Web Essays

The Mule on the Stairs

Remembering the school in the midcentury South where “We Shall Overcome” was born

By Richard Tillinghast | October 6, 2022
From left: Dr. Fred Paterson, president of the Tuskegee Institute; James Johnson, and Rosa Parks meeting at the Highlander Folk School in Monteagle, Tennessee (Library of Congress)
From left: Dr. Fred Paterson, president of the Tuskegee Institute; James Johnson, and Rosa Parks meeting at the Highlander Folk School in Monteagle, Tennessee (Library of Congress)

It seems an unlikely place to have played such a vital role in a movement that shook America to its roots and changed the nation for the good. What remains of the place is unimpressive—just a couple of low-slung buildings on a bluff under pin oaks off Highway 41 between Monteagle and Tracy City, Tennessee, on the Cumberland Plateau. A historical marker gives a few details. Even its name is a bit of a puzzle.

The Highlander Folk School, in case you’ve never heard of it, was a progressive training school founded in 1932 where activists went to learn about nonviolent resistance in the early days of the civil rights movement. My partner, Suzy Papanikolas, and I met at Highlander when we were both 19. That was in 1960. She was a student at the University of Texas; I went to Sewanee.

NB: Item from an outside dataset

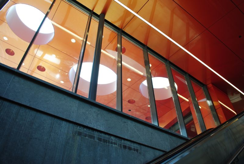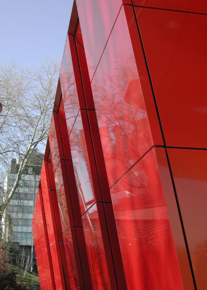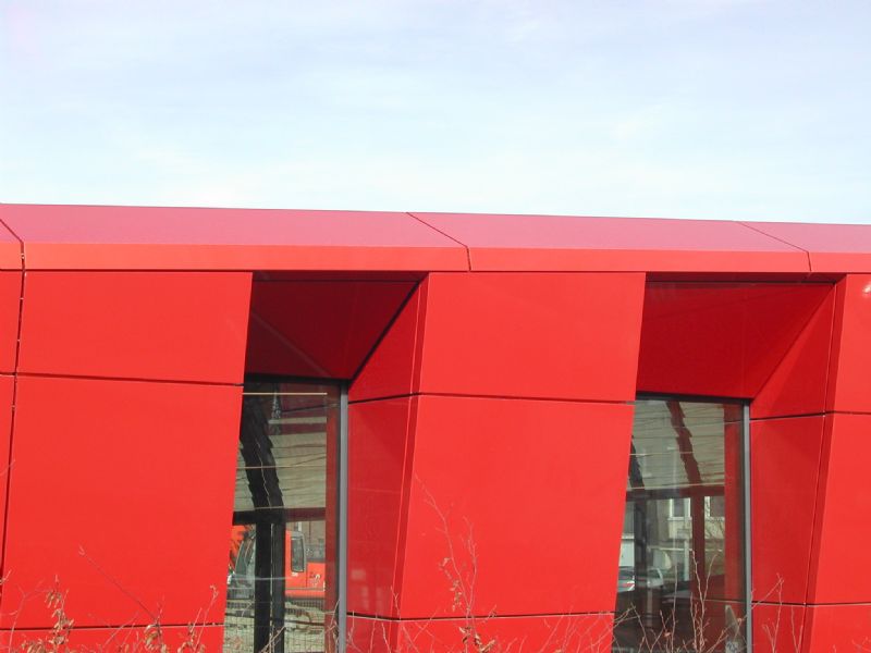 Binnen het gamma van Alucobond koos de architect voor CUPRAL 913. Dit is een kleur uit de Spectragroep, kleuren die veranderen afhankelijk van de kijkhoek. Cupral varieert van oranje tot rood. Ook de volledige binnenzijde van het gebouw is met Alucobond bekleed, daarom werd de onbrandbare Alucobond-A2 geplaatst.

The Reverend Martin Luther King Jr. was often at Highlander. He was friends with Myles Horton, the school’s founder and the inspiration behind its philosophy. A sharecropper’s son from Savannah, Tennessee, on the Tennessee River near Shiloh, Myles had gone to Denmark in the ’30s to learn about its adult education folk schools. There, according to Diane McWhorter’s book Carry Me Home: Birmingham, Alabama, the Climactic Battle of the Civil Rights Revolution, the approach was to encourage “an oppressed people [to] collectively hold strategies for liberation that are lost to its individuals.”

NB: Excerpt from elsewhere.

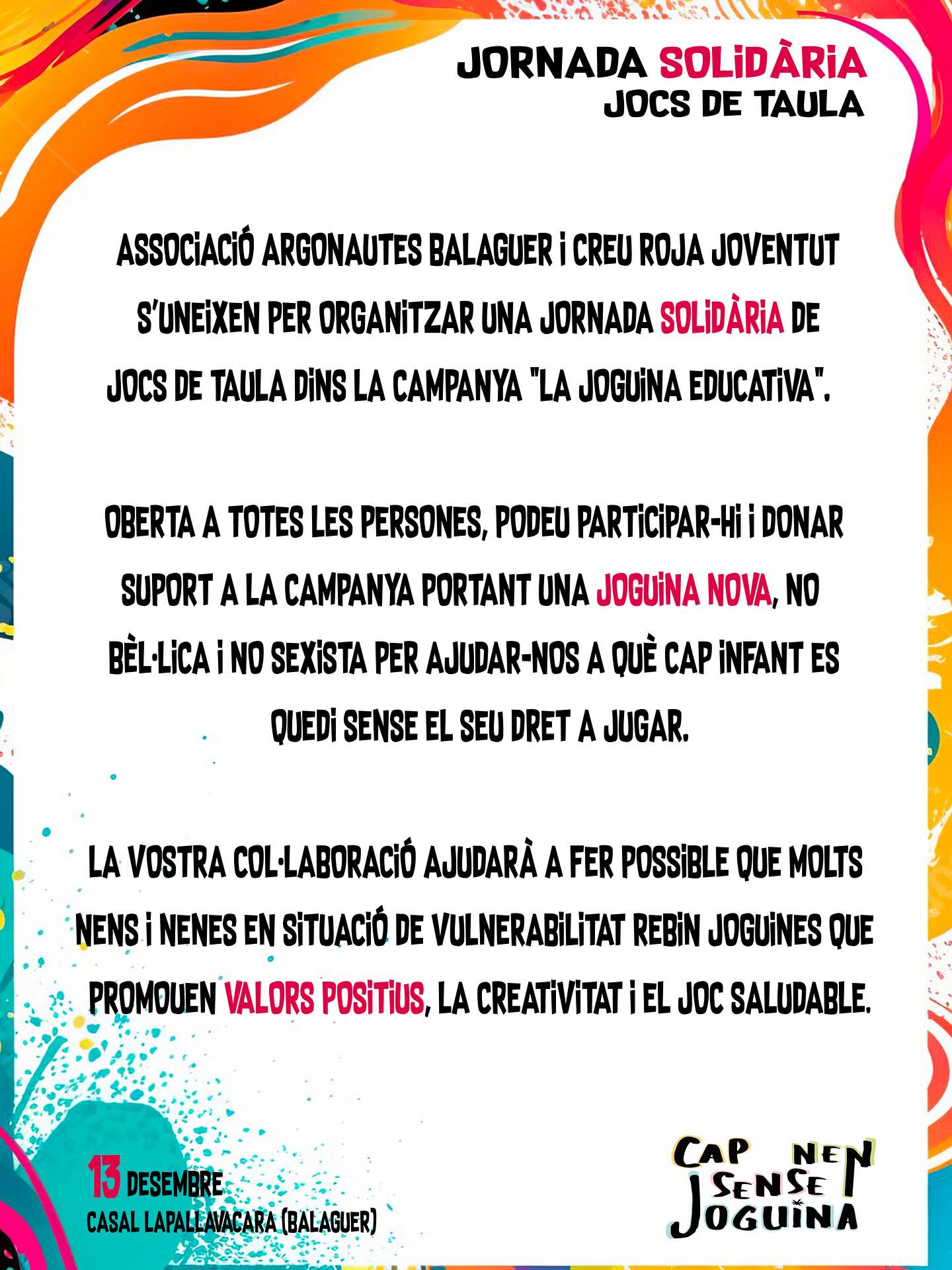 L’Associació Argonautes Balaguer i Creu Roja Joventut han unit esforços per impulsar una jornada solidària de jocs de taula en el marc de la campanya “La joguina educativa”. L’esdeveniment tindrà lloc el dissabte 13 de desembre al Casal Lapallavacara de Balaguer, en horari de 10 a 14 h al matí i de 17 a 21 h a la tarda.

Dr. King would sometimes be accompanied by movement colleagues like the Reverend Ralph Abernathy; Congressman John Lewis from Georgia, another sharecropper’s son; the Reverend C. T. Vivian, who was awarded the Presidential Medal of Freedom by President Obama in 2013; and Septima Clark, the African-American educator from Charleston widely known as the Queen Mother of the civil rights movement. People think of Miss Rosa Parks as a quiet little lady who got fed up with riding in the back of the bus in Montgomery, Alabama, and refused to give up her seat to a white man. Few know that before initiating the Montgomery bus boycott she studied nonviolent resistance at Highlander or that the boycott was part of a well-thought-out tactical plan. These days, as I drive up the freeway in Portland, Oregon, where my children and grandchildren live, and pass the exit for Rosa Parks Way, I wonder how many people in the cars around me know anything about her at all.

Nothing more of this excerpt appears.